Successfully Tackling Small Challenges in Your Daily Life
At this stage, it's important to shake yourself up a bit to get into a good dynamic!
This can manifest in many different ways: signing up for a sport, starting the search for a job and/or housing, working on a language or cooking project, dedicating your time to a nonprofit or community service that aligns with your social, environmental, etc., values... By doing this, the traveler creates a new routine of sedentary life that suits them and in which they feel good.
Creating New Projects
To avoid being fixated on the past, nothing is better than looking to the future! After taking care of your routine and therefore your present, it's time to start planning your future, and thus creating projects that you enjoy...
This also means, just for example, thinking about your future travels!

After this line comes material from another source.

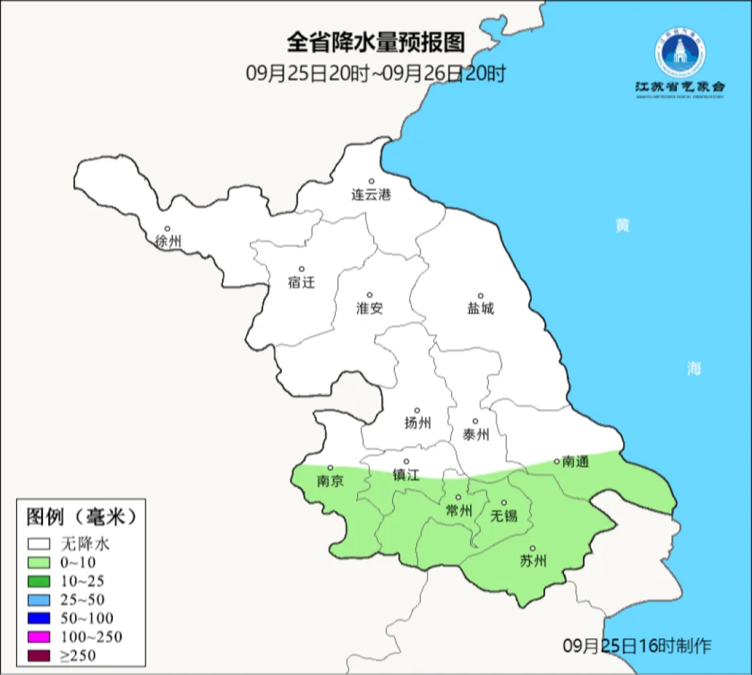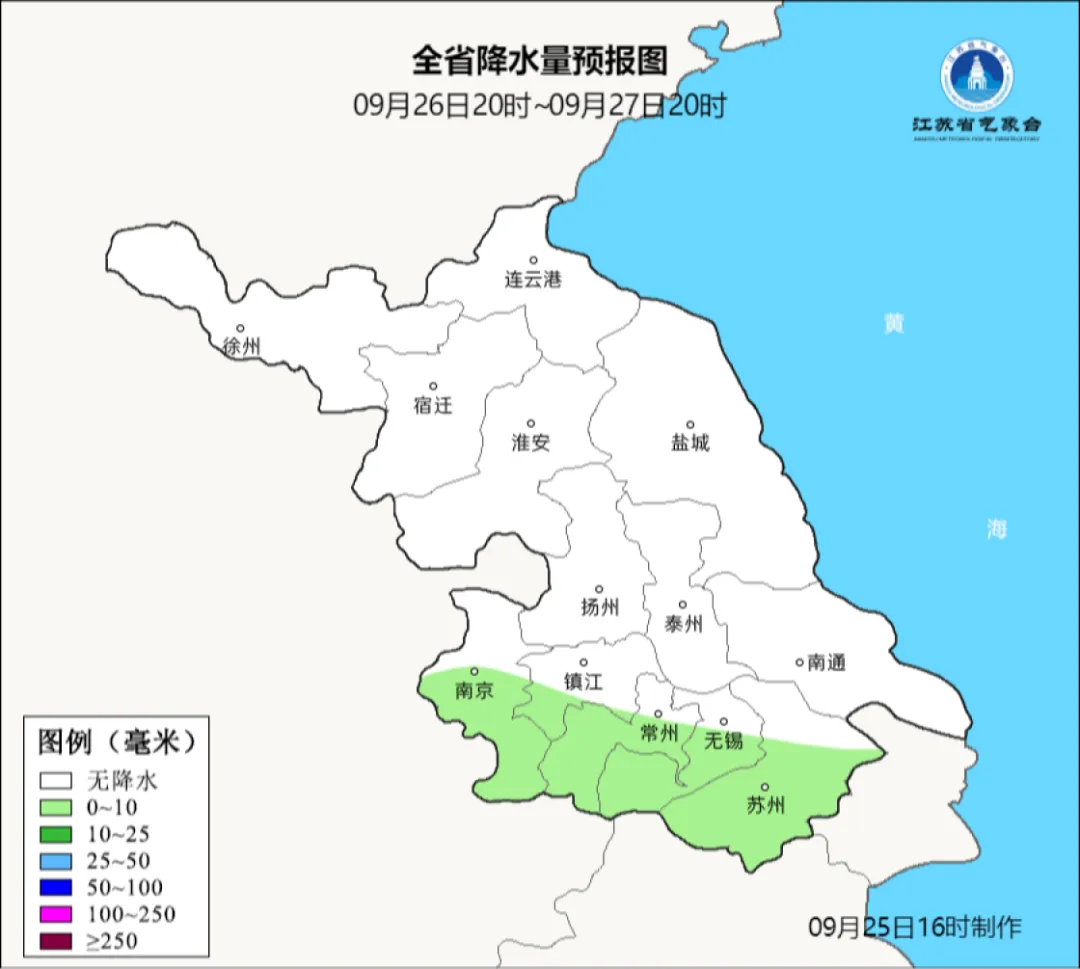 9月25日20时至9月26日20时: 苏南地区多云有时阴有分散性阵雨,其他地区晴到多云。最高温度本省东部地区26℃左右,其他地区27~28℃;最低温度淮北地区17~18℃,沿江和苏南地区22℃左右,其他地区19~20℃。全省偏北风4-5级。

And you don't necessarily have to think too big right away: some outings to closer destinations can help you stay connected to your travel desires while rediscovering your country and its surroundings.
Staying Connected to Your Passions
Let's imagine that travel is an important passion for you (once again, just for example), you can maintain that connection after your return in various ways:
- dive back into your travel photos, even create your vacation video or invite your friends to see your albums
- continue to enjoy exotic cuisine by trying out world cooking or discovering little foreign restaurants near you
- maintain the good habit of going on nature walks
- for book lovers, dive into great reads, whether they be adventure novels or travel stories
- engage with other travelers through social media groups or forums, or face to face by participating in events like travel happy hours, conferences, or exhibitions featuring travelers and explorers
This last option has several advantages: working on the passion and social aspect. Killing two birds with one stone! It also allows you to meet people who can understand what you have experienced and what you are currently going through. No, you are not alone in experiencing post-travel blues, and this video proves it!
Trust Yourself
Trust yourself and have faith in life. If these days are not rosy, tell yourself that it will change and that things will get better. Remind yourself that you have within you what you need to realize your dreams and bring your projects to fruition. And tell yourself that yes, being happy even when not traveling is possible!
Smile and trust in your adaptability: it has served you well on the road, and it will continue to support you even upon your return!
Seeking Help
Sometimes, emotions overwhelm us. Sometimes, a situation surpasses us. We don't know where to start or which direction to take. Sometimes, we are lost. And that's normal! Imagine living a life on rails, never asking questions and already knowing what the entire journey looks like. That would lose all its interest!
If we ask ourselves all these questions, if we feel such strong emotions, it's because we are free. A wonderful gift from life... but also a huge responsibility to bear.
In short, sometimes we feel faced with a wall too high for us. In such cases, don't hesitate to seek help. Whether it's a friend, for instance, a fellow traveler who can understand what you are going through, or professional assistance. As a psychologist and life coach, I help travelers during transitional moments or reflections. I help them navigate their path and achieve their personal goals.
Living and Coping with Post-Travel Blues
After these 15 tips, if you were to take away one idea from this entire article, it would be this: send yourself plenty of love. Be patient, tolerant, understanding, welcoming, and kind to yourself and your emotions. You may experience emotional roller coasters upon your return from your trip, with a transition from one stage to another that may not be linear. And that's perfectly fine.
Allow yourself these moments of joy and sadness! Allow yourself these moments for reflection and pampering! Allow yourself to believe in yourself and your future with enthusiasm!
Many good and beautiful things await you.